Las estafas telefónicas que se organizan desde las cárceles se consolidaron en el último tiempo como uno de los delitos más extendidos del Área Metropolitana de Buenos Aires (AMBA). Con celulares ingresados de manera ilegal o mediante líneas habilitadas dentro de los penales, grupos de detenidos realizan llamados para engañar a las víctimas y quedarse con su dinero. El fenómeno, conocido como «estafas tumberas», combina tecnología, manipulación psicológica y redes de cómplices en libertad.
Investigadores judiciales y especialistas en ciberdelito estiman que en la Ciudad de Buenos Aires y el Conurbano se registran alrededor de 50 denuncias diarias por estafas telefónicas o virtuales. Los fiscales advierten, además, que el número real podría ser mayor, ya que muchas víctimas no realizan la denuncia por vergüenza o porque el dinero transferido resulta difícil de recuperar.
Estafas «tumberas»: los métodos más utilizados
Las modalidades más frecuentes incluyen el clásico «cuento del tío», los falsos secuestros virtuales, supuestos llamados de bancos para actualizar datos de cuentas o engaños vinculados a compras por Internet. En la mayoría de los casos, los delincuentes logran obtener información personal de las víctimas y, mediante presión o engaños, consiguen transferencias de dinero, códigos de seguridad o datos de tarjetas.

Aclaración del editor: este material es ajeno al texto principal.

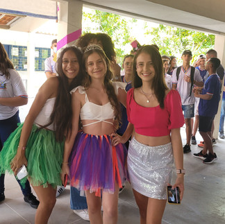 O clima de alegria e descontração contagiou não só os alunos, mas também os professores e funcionários da escola, que entraram na brincadeira e vieram fantasiados para curtir esse momento de diversão com os estudantes.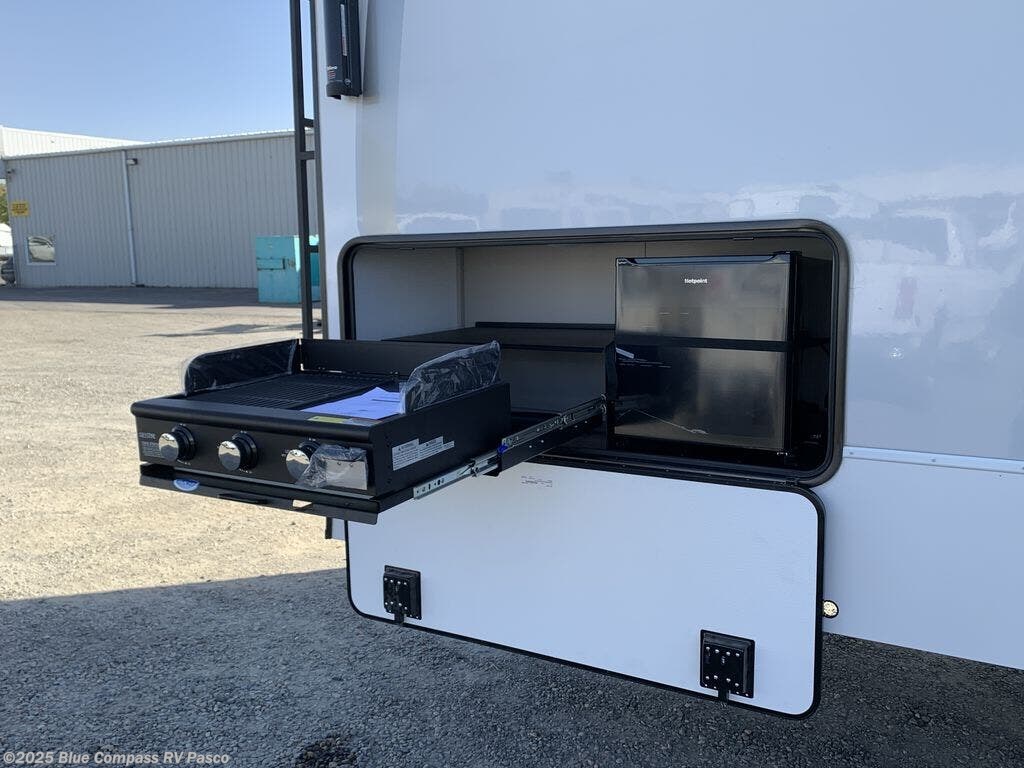 The whole gang can join in on the fun in this fifth wheel! The rear private 54" x 74" loft bed features a lower 60" x 70" bed beneath with storage and a TV, and its very own half bathroom with private entry/exit to the outside. There is also an exterior baggage door so you can easily pack gear straight into this room. The living area comes with dual recliner theater seating, a swing out 50" class HDTV, and a floating dinette table with two chairs and a movable ottoman with flip up storage. There is also a 16 cu. ft. 12 volt refrigerator and pull-out pantry here for food storage. And you can easily prepare your best home cooked meals using the three burner cooktop. When you're ready to wind down your night, head to the front private bedroom and relax on the queen bed slide which could be switched out for the optional king bed if you like! This unit also features an outdoor griddle and refrigerator under the loft space.

El problema tiene su base en la gran cantidad de teléfonos que circulan dentro de los penales. En las cárceles del Servicio Penitenciario Bonaerense existen casi 49.000 líneas de celulares registradas para uso de los detenidos. A ese número se suman los equipos clandestinos que ingresan de manera ilegal. Solo durante 2025 se secuestraron más de 1.500 teléfonos en requisas realizadas dentro de las unidades penitenciarias.
La proporción ilustra la magnitud del fenómeno: en las cárceles bonaerenses hay más de 62.000 presos, lo que implica un promedio cercano a un celular cada 1,3 detenidos si se toman en cuenta las líneas registradas. Para investigadores y especialistas en seguridad, esa disponibilidad de teléfonos facilita la organización de maniobras delictivas que se ejecutan desde las propias celdas.
El sistema penitenciario también aporta dimensión al problema. Sólo en las cárceles de la provincia de Buenos Aires hay alrededor de 62.700 detenidos, mientras que el Servicio Penitenciario Federal alberga a unos 12.000 internos en distintas unidades del país. En conjunto, ambos sistemas reúnen cerca de 75.000 personas privadas de libertad.
Las estafas suelen completarse con la participación de cómplices fuera de prisión, que se encargan de retirar dinero, recibir transferencias o comprar bienes con los fondos obtenidos mediante engaños. Así, los presos pueden dirigir las maniobras desde los penales mientras otros integrantes de la banda concretan la parte final del fraude.
El impacto de estas maniobras quedó expuesto en distintos casos recientes que terminaron en tragedia. Entre ellos, el de un soldado que se quitó la vida tras ser víctima de una estafa telefónica que lo dejó endeudado, un episodio que volvió a poner en discusión el alcance de las organizaciones delictivas que operan desde las cárceles.
El fenómeno se explica por la combinación de tres factores: la masiva circulación de teléfonos dentro de los penales, la facilidad para obtener datos personales de potenciales víctimas y la existencia de redes de colaboradores en libertad que permiten completar las maniobras. En ese contexto, las llamadas que parten desde las cárceles continúan multiplicándose y alimentan un circuito de fraude que, según advierten fuentes judiciales, se consolidó como uno de los negocios criminales más extendidos del país.